Asylum seeking in the Netherlands: Systematically unfair
A group of experts from the University of Nijmegen has sharply criticised the Dutch asylum system. In its report, which was commissioned by the state, it concludes that people have been falsely portrayed as fraudsters and lost their residence permits as a result. It also says that the legislation of recent years has increasingly weakened the position of asylum seekers. Commentators call for solutions.

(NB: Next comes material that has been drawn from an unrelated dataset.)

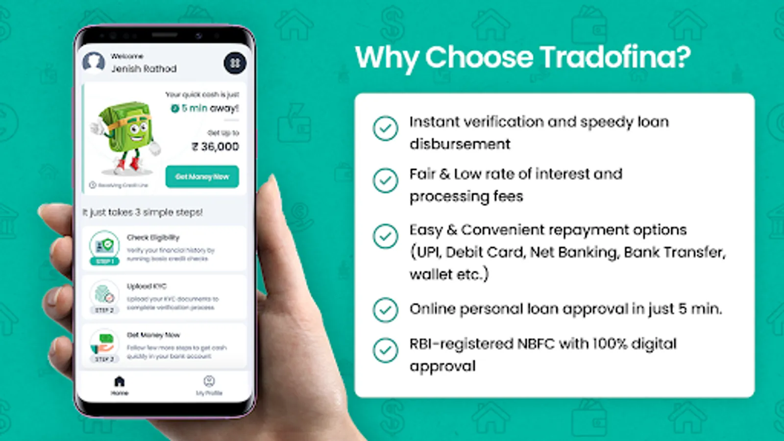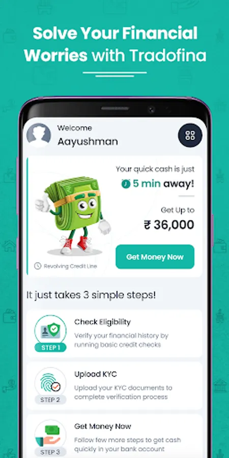 Tradofina, India's fastest digital credit based personal loan app platform. The app provides instant access to credit by RBI-approved NBFC. Tradofina delivers the fastest personal loan experience with 100% paperless, digital KYC process. Once your loan is approved, the amount is credited into your account in just 5 minutes!

Institutionalised mistrust
Asylum seekers also deserve compassion, warns NRC Handelsblad, and sees clear parallels with the recent child benefits scandal:
“Humane standards have practically disappeared in asylum policy. ... A strict system is not inherently wrong if it is fair. With broad scope for individual examination. The 'black book' shows that in other areas too, the state has created a system that discriminates above all against weak groups. ... A system that distinguishes between first and second class citizens, between 'us' and 'them'. The institutionalised mistrust that finds expression in harsh laws and the hunt for fraudsters, without even a glance at individual cases, has also destroyed numerous lives in immigration policy.”
An honest reappraisal
De Volkskrant demands consequences for the current legislative period:
“When rigid rules dominate the independent thinking of civil servants and controlling judges, human lives quickly come under threat. The most sovereign right then becomes the most sovereign wrong. ... The accumulation of ever stricter rules has brought us an asylum system that is riddled with mistrust, in which every little mistake leads to rejection. ... The affair of child subsidies has apparently spurred the government into sincere reflection: when does politics turn into unjust politics? How can one combine head and heart? These good intentions, which are currently to be determined in the coalition explorations, must not disregard asylum policy.”